What is the coefficient of oxalate ion in the following reaction ?
`MnO_(4)^(-)+C_(2)O_(4)^(-)+H^(+) to Mn^(2+)+CO_(2)H_(2)O`

To find the coefficient of the oxalate ion (C₂O₄²⁻) in the given redox reaction, we can follow these steps: ### Step 1: Write the half-reactions The first step in balancing a redox reaction is to separate it into two half-reactions: one for oxidation and one for reduction. 1. **Reduction half-reaction**: \[ \text{MnO}_4^{-} + 8\text{H}^{+} + 5\text{e}^{-} \rightarrow \text{Mn}^{2+} + 4\text{H}_2\text{O} \] 2. **Oxidation half-reaction**: \[ \text{C}_2\text{O}_4^{2-} \rightarrow 2\text{CO}_2 + 2\text{e}^{-} \] ### Step 2: Balance the electrons Next, we need to ensure that the number of electrons lost in the oxidation half-reaction equals the number of electrons gained in the reduction half-reaction. - The reduction half-reaction involves 5 electrons. - The oxidation half-reaction involves 2 electrons.

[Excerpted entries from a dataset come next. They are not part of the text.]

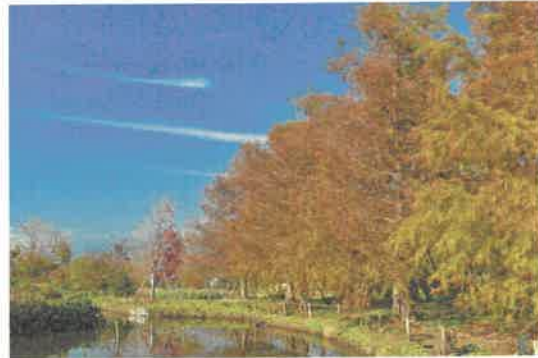
湖岸のラクウショウ
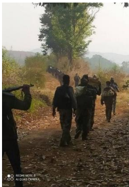
သျှမ်းမြောက် PDF

PSDA ကို စတင်ဖွဲ့စည်းချိန်က ဒေါနသံလွင် ဦးဆောင်ပြီး လွန်ခဲ့တဲ့ မတ်လက ဖြစ်ပွားတဲ့ တိုက်ပွဲကြောင့် ဒေါနသံလွင် ကျဆုံးသွားခဲ့ပါတယ်။ အဲ့နောက်ပိုင်းမှာ PSDA ရဲ့ ဒု ဗဟိုမှူးတာဝန်ခံ ရွှေလီက ရာထူးတက်လာပြီး PSDA ဦးဆောင်ပါတယ်။
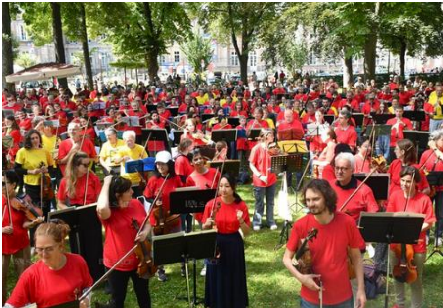
Violons, violoncelles, contrebasses (etc.) à perte de vue !

Jusqu'au cœur de la nuit, l'inquiétude était sans doute palpable chez les responsables du Festival international : la Symphonic mob© prévue ce dimanche matin au Champ de Mars aura-t-elle lieu sous un ciel lumineux... ou bien faudra-t-il l'annuler pour cause d'averse ? Peu après 9 heures 400 musiciens étaient bien en place pour une unique répétition d'ensemble.

To balance the electrons, we can multiply the oxidation half-reaction by 5 and the reduction half-reaction by 2: - **Oxidation half-reaction (multiplied by 5)**: \[ 5\text{C}_2\text{O}_4^{2-} \rightarrow 10\text{CO}_2 + 10\text{e}^{-} \] - **Reduction half-reaction (multiplied by 2)**: \[ 2\text{MnO}_4^{-} + 16\text{H}^{+} + 10\text{e}^{-} \rightarrow 2\text{Mn}^{2+} + 8\text{H}_2\text{O} \] ### Step 3: Combine the half-reactions Now we can combine the two half-reactions: \[ 2\text{MnO}_4^{-} + 5\text{C}_2\text{O}_4^{2-} + 16\text{H}^{+} \rightarrow 2\text{Mn}^{2+} + 10\text{CO}_2 + 8\text{H}_2\text{O} \] ### Step 4: Identify the coefficient of the oxalate ion From the balanced equation, we can see that the coefficient of the oxalate ion (C₂O₄²⁻) is **5**. ### Final Answer The coefficient of the oxalate ion (C₂O₄²⁻) in the reaction is **5**. ---